Et Albéric baisa très respectueusement la main de Mme Hurstmonceaux. Il trouvait qu’il lui devait au moins une amende honorable : Sylvaine se marierait, serait riche, et tout s’arrangerait parfaitement.
Sylvaine, qui, sous prétexte d’un mot à dire à son oncle, était sortie un moment, rentra pendant qu’Albéric faisait à Mme Hurstmonceaux le récit de sa visite à Richmond ; elle l’écoutait avec un extrême intérêt.
— Je suis sûre que Maud est ravie. Vous entendez, Sylvaine ? Albéric va faire le buste de Mme Duran. Mais, mon cher, combien de temps cela va-t-il vous prendre ?
Albéric confessa son incertitude sur ce point et ajouta que, d’après les lettres qu’il avait reçues le matin, il ne pouvait plus prolonger longtemps son séjour à Londres ; son père le réclamait à Escalquens ; M. Gardonne souffrait de la goutte et, au moment des vendanges, aurait besoin de son fils.
— Si je vois que je ne puis arriver à terminer maintenant, je reviendrai à l’automne. Mon père, du reste, a le projet, lui aussi, de faire le voyage.
Ceci fut dit en regardant Sylvaine. Mais elle travaillait sans aucun trouble visible ; même, de temps en temps, elle donnait un grain de chènevis au bouvreuil familier dont la cage était suspendue par un cordon de soie devant la fenêtre. Mme Hurstmonceaux applaudit chaleureusement à l’idée d’un retour d’Albéric.

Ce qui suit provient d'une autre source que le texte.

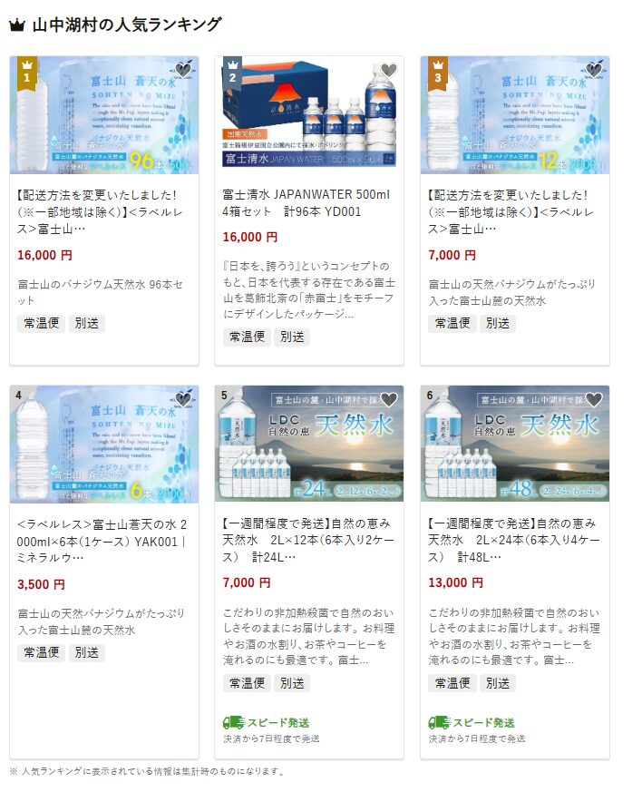 山中湖村で人気の返礼品は、富士山のバナジウム天然水96本セットです。バナジウムを豊富に含む「富士山の水」は清涼感あふれる味わいで、日常の飲用や料理にも最適です。他には大容量ペットボトルの定期便や富士山ブランドのミネラルウォーターが揃っています。寄付金は「自然環境の保全」や「地域活性化」に活用され、富士山と湖の恵みを守りつつ、観光地としての魅力向上に繋がっています。
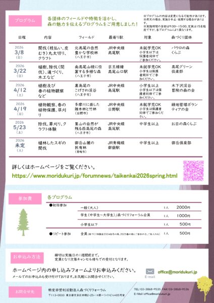 | ちらし | 初心者のための森づくり体験会 2026 ~春の森~ |
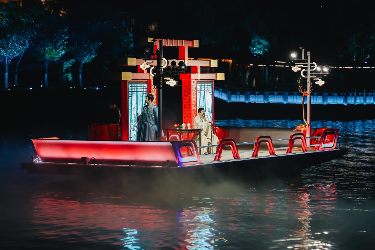 当暮色笼罩随州,白云湖的编钟码头游船又翻开文化新篇。360度敞篷船身让夜景尽收眼底,水幕投影将炎帝长歌、钟鸣天地的历史画面铺就湖面,岸边实景演出与水上光影交融,每一束光都在讲述随州的故事,每一段旋律都藏着白云湖的韵味。大V们闲坐游船,看光影随波流转,听礼乐与水声共鸣,这是随州独有的“文化+科技”盛宴。
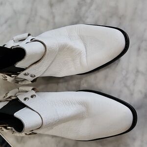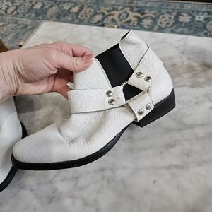 ASOS brand real leather boots. Size 4 UK/ size 6 US. Worn once (inside the house) and were just a smidge too small. Some very minor scuff from storage on one spot where the white finish scraped off on the inner side of the strap
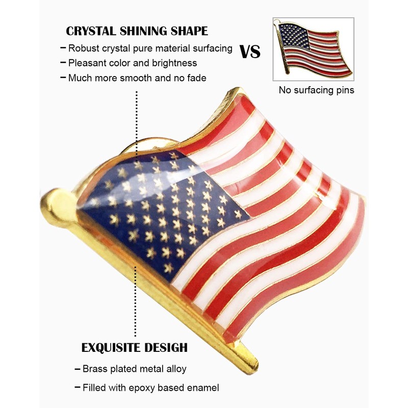 American Flag Lapel Pins – USA Metal Enamel Flag Pins United States US Waving Robust Crystal surfacing Badge brooch for patriotic display (24)

— Et, cette fois, vous descendrez chez moi. Vraiment, votre oncle a eu une singulière idée de vous laisser emmener par le colonel Blunt. Enfin, depuis qu’il est malade, le pauvre homme n’est plus du tout le même. Ne manquez pas surtout d’aller le saluer en sortant ; il est très sensible aux attentions ; aussi j’ai dit à nurse Rice : « Je veux qu’on ait toutes les attentions possibles pour le colonel. » N’est-ce pas, Sylvaine, votre oncle a tout ce qu’il peut désirer ?
Sylvaine hocha la tête affirmativement, et ce fut ainsi que se termina la visite dont elle avait tant espéré.